Modern processors employed in computer systems use various techniques to improve their performance. One of these techniques is commonly referred to as “multithreading.” Multithreading allows multiple streams of instructions, commonly referred to as “threads,” to be executed. The threads may be independent programs or related execution streams of a single parallel program or both.
Processors may support three types of multithreading. The first is commonly referred to as “coarse-grained” or “block multithreading.” Coarse-grained or block multithreading may refer to rapid switching of threads on long-latency operations. The second is commonly referred to as “fine-grained multithreading.” Fine-grained multithreading may refer to rapid switching of the threads on a cycle by cycle basis. The third type of multithreading is commonly referred to as “simultaneous multithreading.” Simultaneous multithreading may refer to scheduling of instructions from multiple threads within a single cycle.
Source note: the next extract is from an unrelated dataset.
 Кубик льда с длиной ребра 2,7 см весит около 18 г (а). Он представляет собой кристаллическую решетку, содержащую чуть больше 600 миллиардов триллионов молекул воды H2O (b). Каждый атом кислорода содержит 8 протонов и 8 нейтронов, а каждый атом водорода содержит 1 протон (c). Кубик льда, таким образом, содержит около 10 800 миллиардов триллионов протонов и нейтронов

Modern processors, such as a simultaneous multithreading (SMT) processor, may include a prefetch engine configured to prefetch data from memory, e.g., main memory, prior to the time the data is requested by the processor. The data prefetched from memory, e.g., main memory, may be speculatively prefetched based on the principle that if a memory location is addressed by the processor, the next sequential address will likely be requested by the processor in the near future. The data prefetched may be loaded in a data cache.
The location in main memory as to where to prefetch data may be determined by addresses stored in registers, commonly referred to as “prefetch registers.” These prefetch registers may also include information regarding the size and direction of the prefetched data in main memory. The size may refer to the size of the contiguous block of data to be prefetched. The direction may refer to whether the contiguous block of data is to be prefetched from main memory at the address stored in the prefetch register and upwards or is to be prefetched from main memory at the address stored in the prefetch register and downwards.
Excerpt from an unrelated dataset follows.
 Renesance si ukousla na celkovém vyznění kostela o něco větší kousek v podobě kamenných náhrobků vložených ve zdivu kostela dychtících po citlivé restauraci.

The information regarding the address, size and direction of the prefetched data may be provided in multiple instructions, referred to herein as “prefetch instructions.” One prefetch instruction may provide the address of where to prefetch the data in main memory. Another prefetch instruction may provide the size and direction. Further, these prefetch instructions may specify a particular prefetch register into which to insert the information contained in the instruction. Another prefetch instruction may indicate to the prefetch engine to prefetch the data from main memory using the information provided in a particular prefetch register.
In a multithreading processor, these prefetch instructions may be from multiple threads. If a particular prefetch instruction included information, e.g., address of the prefetched data, from a first thread, e.g., thread T0, to be stored in a particular prefetch register and another prefetch instruction included information, e.g., size and direction of the prefetched data, from a second thread, e.g., thread T1, to be stored in that same particular prefetch register, then undesirable results may occur such as prefetching the wrong data from main memory. That is, inconsistent data may be stored in a prefetch register when prefetch information from multiple threads are stored in the same prefetch register. In particular, a multithreading processor may provide for a single thread mode of operation and multithread mode operation wherein the processor switches to execute instructions from two threads, rather than safely from a single thread. The aforementioned inconsistency may arise when the mode switches because one thread may have put data into a prefetch register and the second thread could include an instruction that puts data into the same register.
Therefore, there is a need in the art to prevent at least in part inconsistent prefetch information from being stored in a prefetch register.